Si tratta del tasso più alto dal 2° trimestre del 1999. Numeri record anche tra i dipendenti a termine che sono stati 2 milioni 455.000, ai massimi dal 1993. Aggiungendo anche i collaboratori (che sono 462.000) i precari sono poco meno di tre milioni.
Il tasso di disoccupazione lo scorso mese è stabile al 10,7 per cento, stesso livello mese prima, ma il più alto da gennaio del 2004. Su base annua il tasso è in rialzo di 2,5 punti: i senza lavoro sono 2 milioni 764.000, le persone in cerca di occupazione sono aumentate del 33,6 per cento, di 695.000 unità. I giovani pagano il prezzo più alto: i senza lavoro tra i 15 e i 24 anni a luglio sono il 35,3 per cento, in crescita di 7,4 punti su base annua e di 1,3 punti percentuali su giugno. Con un picco del 48 per cento, su base trimestrale, tra le giovani donne del Mezzogiorno.
Il ritmo di crescita su base annua della disoccupazione giovanile è il triplo di quello totale: sono 618.000 in cerca di lavoro vale a dire il 10,2 per cento dei giovani.

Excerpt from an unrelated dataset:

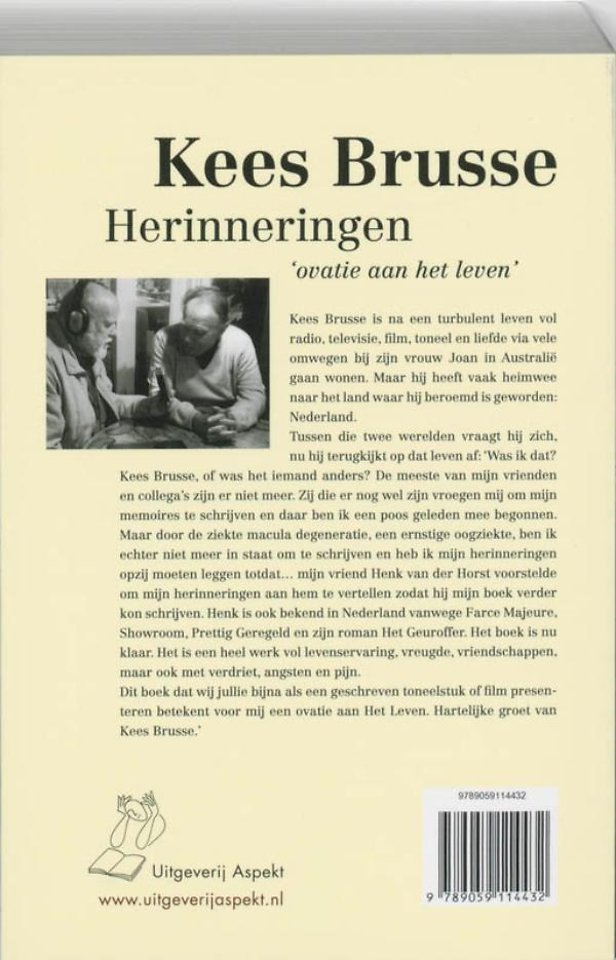 Een hele generatie televisiekijkers is opgegroeid met Kees Brusse en heeft genoten van de vele onvergetelijke series waarin hij het middelpunt vormde. Hoog tijd dan ook voor zijn Herinneringen, ovatie aan het leven waarin al zijn acteursprestaties de revue passeren. Kees Brusse is na een turbulent leven vol radio, televisie, film en toneel en liefde via vele omwegen in Australië gaan wonen, maar heeft vaak heimwee naar het land waar hij beroemd is geworden: Nederland. Tussen die twee werelden kijkt hij nu terug op dat leven waarin hij telkens iemand anders was. Op verzoek vertelde hij zijn herinneringen aan zijn goede vriend Henk van der Horst, die hem hielp bij de totstandkoming van het boek.

Non aumentano gli occupati stabili a quota 23 milioni 25.000. La stabilità dell’occupazione è caratterizzata  dall’aumento di quella femminile e dal calo della componente maschile. Il tasso di occupazione è pari al 57,1 per cento. Gli inattivi tra 15 e 64 anni diminuiscono dello 0,2 per cento rispetto a luglio con un tasso pari  al 36 per cento, in calo di 0,1 punti percentuali rispetto a giugno. Nel 2° trimestre si ha un calo del numero degli occupati in termini tendenziali dello 0,2 per cento (-48mila unità).